パリのバス:あたらしい表情をみせるいつものパリを眺めて

昔からバスは好きだった。オランダで小学校時代を過ごした時期も通学はバスだった。バスに乗ると景色が映像として入ってくるのがいい。好奇心旺盛だったためよく車窓に張り付いて外を眺めていた。季節によっていつもの風景は異なる表情を見せてくれる。窓から見えるその景気は今でも思い出として浮かんでくる。

パリのバス

僕がパリに留学したのは2016年9月から2017年2月まで。つまり秋と冬の季節だ。バスから見る秋の景色は良い。天気の良い昼過ぎには、澄んだ空の下に歴史ある建物、紅葉した木々、公園、道ゆく人々など思い描いていたパリの風景が楽しめる。かと思えば、夕方頃にはうっすらと暗くなり始め、すっとした冷気なかにライトアップされたパリの街並みが輝き始める。

この頃パリのバスにはすでにPASS NAVIGOというSuicaのような磁気カード式バスが導入されていて、運賃の支払いは簡単だった。僕は学生だったので、通学定期用のNAVIGOを利用し、パリ市内のバスやメトロ、RERの全線を月額料金のみで乗ることができた(もちろん切符での支払いも可能)。

メトロが使いやすかったので留学してすぐの頃はバスにはあまり乗らなかった。だが少しずつパリの暮らしに慣れてきてバスを使い始めるようになった。メトロは地下鉄のことで外の様子はみえない(エッフェ塔の近くのメトロは地上に出る路線もあって、その眺めの良さには驚いたが)。

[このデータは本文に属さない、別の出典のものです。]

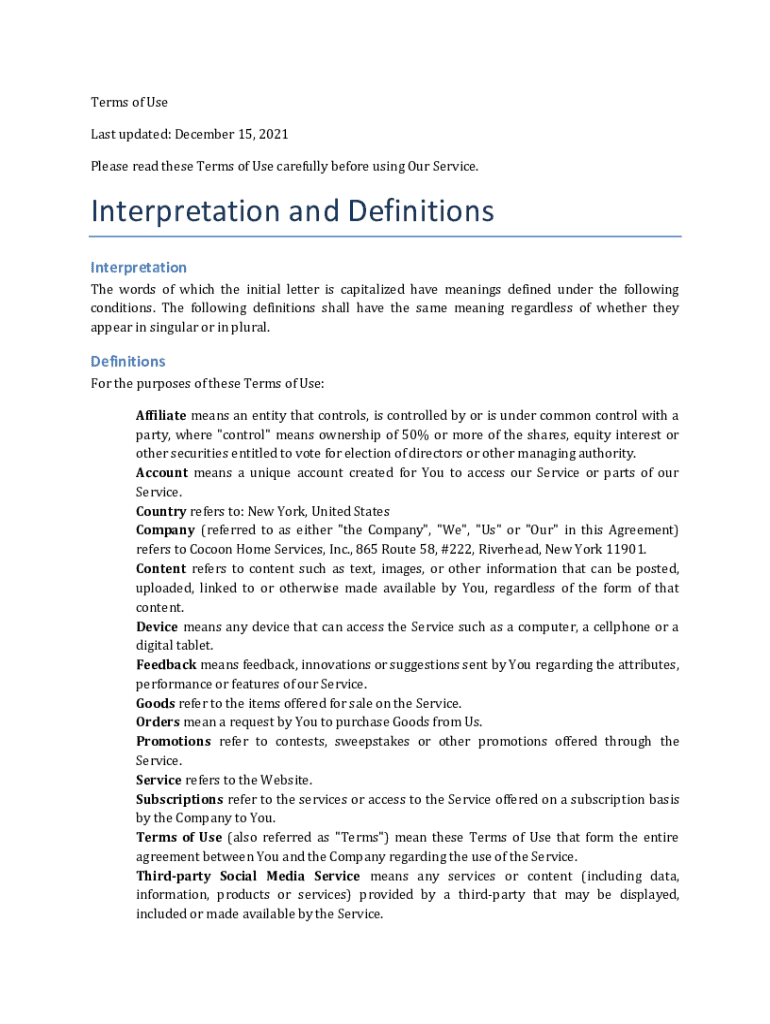 Terms of Use Last updated: December 15, 2021, Please read these Terms of Use carefully before using Our Service. Interpretation and Definitions Interpretation The words of which the initial letter

バスに乗るとパリの風景を楽しみながら移動ができるので一石二鳥なのだ。ただバスに乗るには注意が必要なこともある。日本のバスだと、録音されたアナウンスが次の停留所を知らせてくれるが、ほとんどのパリのバスはアナウンスがないので、事前に正確な停留所名と通過地点を知っておく必要がある1)。

バスを楽しむコツ

だがそんなバスを楽しむコツがある。時間のある時に目的地を決めずに適当なバスに乗って、好きな場所で降りる。その土地を散策したらまた他のバスに乗って…なんてことをして楽しむのだ。

どこに行き着いたとしてもそこは小さなパリ市内のどこか。帰ろうと思えばGoogleMapの経路検索ですぐに帰り道のバスを検索できる。見知らぬ土地でどのバスに乗ればいいか、案内してくれるGoogleMapは偉大だ。こういうことを繰り返していると少しずつ土地勘がついてくる。

ある日見た景色

ある日、大学でルーヴル美術館を見学するという授業があった。授業は午後からスタートでお昼を食べて各自集合という指示がでた。最短経路がバスだったので試しに乗ってみた。

バスはサンジェルマン・デ・プレの大通りを抜け、小道に入った、かと思えば、セーヌ河を渡り、あっという間にルーヴル美術館に到着した。

束の間の時間だったが、そのときの景色は今でも忘れられない。カラッとした空気と青空のなかに広がるパリの街並み、新しい表情をしたいつも通りのパリがそこにあったのだ。それ以降この路線が僕のお気に入りの系統となった。

小さな好奇心

パリのバスは複雑だが、PASS NAVIGOやGoogleMapなどの技術の恩恵で、以前よりかは利用しやすくなっている。

見知らぬ土地なのでちょっとの勇気が必要だ。だが観光でパリを訪れたらぜひバスに乗ってほしい。きっと小さな好奇心があなたの旅を彩ってくれるはず。そう、パリでは小さな好奇心がさまざま発見へと導いてくれるのだ。

引用文献
[1] 梅本洋一, 大里俊晴, 木下長宏編著「パリ・フランスを知るための44章」、明石書店, 2012年、64頁。

「パリ・フランスを知るための44章」はパリの文化について44のテーマで解説している書籍である。歴史と文化の街パリ、パリの暮らし、芸術と文化の首都、日本とフランス、僕たちのフランス体験の5つのパートで構成されている。それぞれの執筆者ごとに個性のある文章が特徴で、それが読んでいて面白い。今回は「第12章 バス:パリで最高の交通手段」から着想を得てこの記事を書いた。